Coherent control of ultracold 85Rb trap-loss collisions with nonlinearly frequency-chirped light

TL;DR

This study demonstrates that the shape of nonlinearly frequency-chirped light pulses can coherently control ultracold 85Rb trap-loss collisions, with specific chirp shapes enhancing the collisional rate constant significantly.

Contribution

It introduces a method to manipulate ultracold atomic collisions using nonlinearly chirped light pulses, revealing shape-dependent effects on collisional rates.

Findings

Positive chirps show little dependence on shape for collisional rates.

Negative concave-down chirps can enhance the collisional rate by up to 50%.
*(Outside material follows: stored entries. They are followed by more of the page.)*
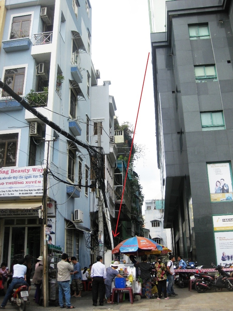 | Vị trí người đàn ông rơi từ tòa nhà xuống khu dân cư bên cạnh. |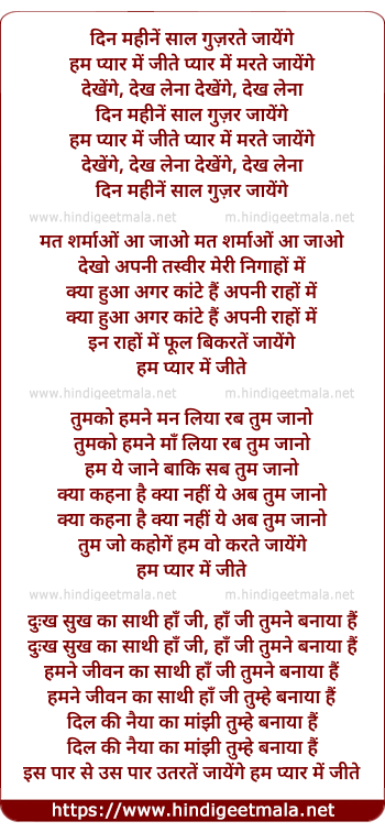 Lyrics of Din Mahine Sal Guzarte Jayenge - दिन महीनें साल गुज़रते जायेंगे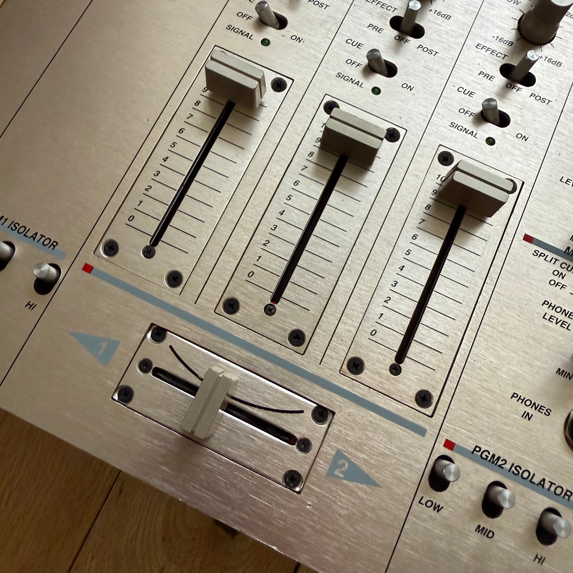 All channels and pots work smoothly. The RCA’s are all intact and the mixer has been thoroughly tested to ensure perfect operation. All the input switches, isolators and cue switches have been dismantled and cleaned to remove any carbon build up.) It features an incredibly low noise floor and the combination of EQs and isolators make this a fantastic analogue mixer.

Quantum simulations support experimental observations of coherence effects.

Abstract

We present results on coherent control of ultracold trap-loss collisions using 40 ns pulses of nonlinearly frequency-chirped light. The chirps, either positive or negative, sweep ~1 GHz in 100 ns and are centered at various detunings below the D2 line of 85Rb. At each center detuning, we compare the collisional rate constant beta for chirps that are linear in time, concave-down and concave-up. For positive chirps, we find that beta generally depends very little on the shape of the chirp. For negative chirps, however, we find that beta can be enhanced by up to 50(20)% for the case of the concave-down shape. This occurs at detunings where the evolution of the wavepacket is expected to be coherent. An enhancement at these detunings is also seen in quantum mechanical simulations of the collisional process.